Des Provençaux accusés de lâcheté, d’avoir cédé devant l’ennemi, de n’avoir pas encaissé le choc des Bavarois ou des Mecklembourgeois, de s’être égaillés comme une nuée de moineaux en abandonnant fusils et couvre-chefs ? Et faussement qui pis est ? Maurras ne pouvait pas laisser calomnier ses compatriotes, d’où cet article du 25 août 1914. Il répond à un article du sénateur Gervais dans Le Matin de la veille : « un incident déplorable s’est produit… La défaillance d’une partie du 15e corps a entraîné la retraite sur toute la ligne ». Or le 15e corps d’armée était essentiellement composé de régiments méridionaux.
Aussitôt cette rupture de l’Union sacrée contre une région accusée tout entière de lâcheté entraîne pétitions de parlementaires et articles indignés où Maurras n’est qu’une voix parmi d’autres. Il a l’avantage d’avoir dénoncé bien avant la guerre la stéréotypique représentation du Midi comme une région ensoleillée, où il fait bon vivre, nécessairement remplie de hâbleurs, incapables de donner de bons soldats, aussi sa voix est-elle peut-être plus autorisée et plus sincère que d’autres. Maurice Maistre, qui a écrit sur l’événement La légende noire du 15e corps met bien en avant cette dimension parisienne et nordiste : « C’était comme une satisfaction, longtemps retenue, de fulminer contre cette Côte d’Azur ensoleillée qui ne pouvait donner de solides soldats ».
Et les faits ? il semble qu’il y ait eu quelques régiments qui ont cédé sous le feu allemand à un moment où l’évidence n’est pas encore acceptée que « le feu tue » dans une France toute à des représentations romantiques de la furia francese qui devrait suffire à faire céder le Boche mieux équipé : un peu de coeur et de courage bien de chez-nous auront raison de la mitraille, aussi dense soit-elle… Mais ces incidents n’ont pas été le fait du 15e corps d’armée tout entier. Il s’est trouvé que ces régiments étaient méridionaux, c’est un fait. Mais ce n’est qu’un fait ; donnons la parole à l’autre historien qui s’est penché sur la question, Jean-Yves Le Naour — Désunion nationale, la légende noire des soldats du midi :
« Les Méridionaux n’ont pas seulement porté la responsabilité de la retraite et des erreurs du haut commandement.
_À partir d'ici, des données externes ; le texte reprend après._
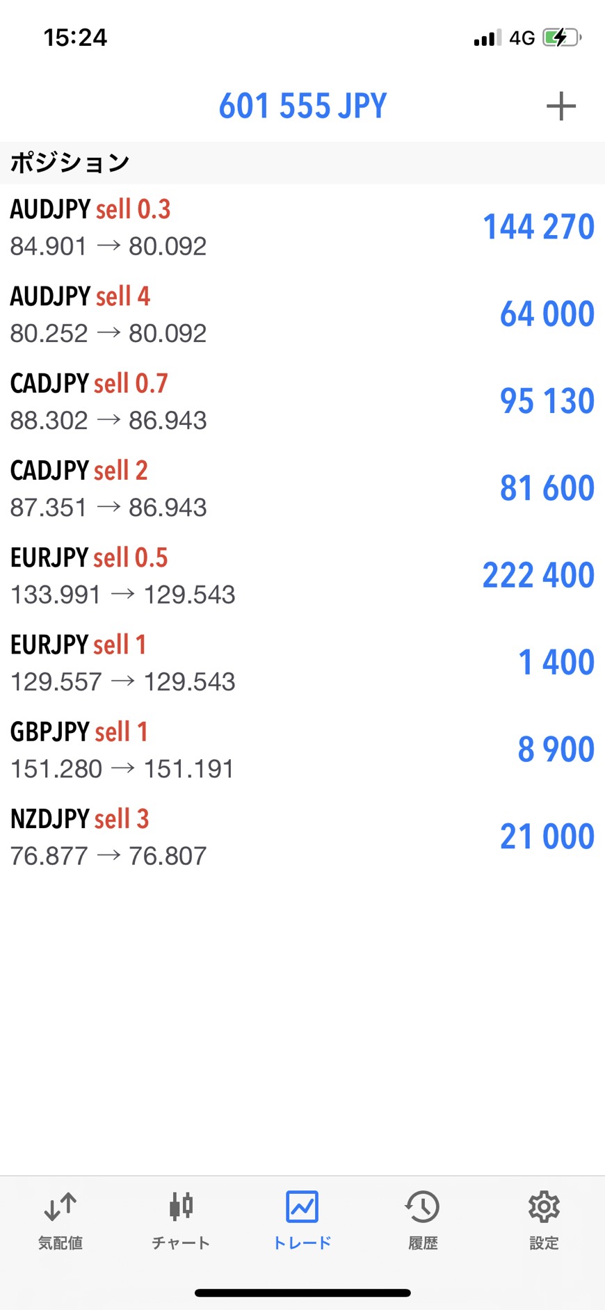クロス円はまだ下落の可能性が残っていたので、先日高値更新をして損切にかかった豪ドル円とNZドル円を再度売りエントリーしました。

Ils ont aussi payé pour leur climat trop clément, pour le fédéralisme des Girondins, pour les galéjades de Tartarin, l’arrivisme de Numa Roumestan, le républicanisme, le radicalisme, le socialisme et l’antimilitarisme. Enfin, ils ont été victimes des préjugés qui, aux yeux de la droite nationaliste, les avaient conduits au bord de la France. »
On le voit, Maurras n’a peut-être pas tout entièrement raison d’accuser les républicains comme dans ses anciennes brochures ou de mettre en cause Gambetta… reste qu’il a bien vu et le danger pour l’armée et le germe de désunion qu’il y avait dans de telles représentations.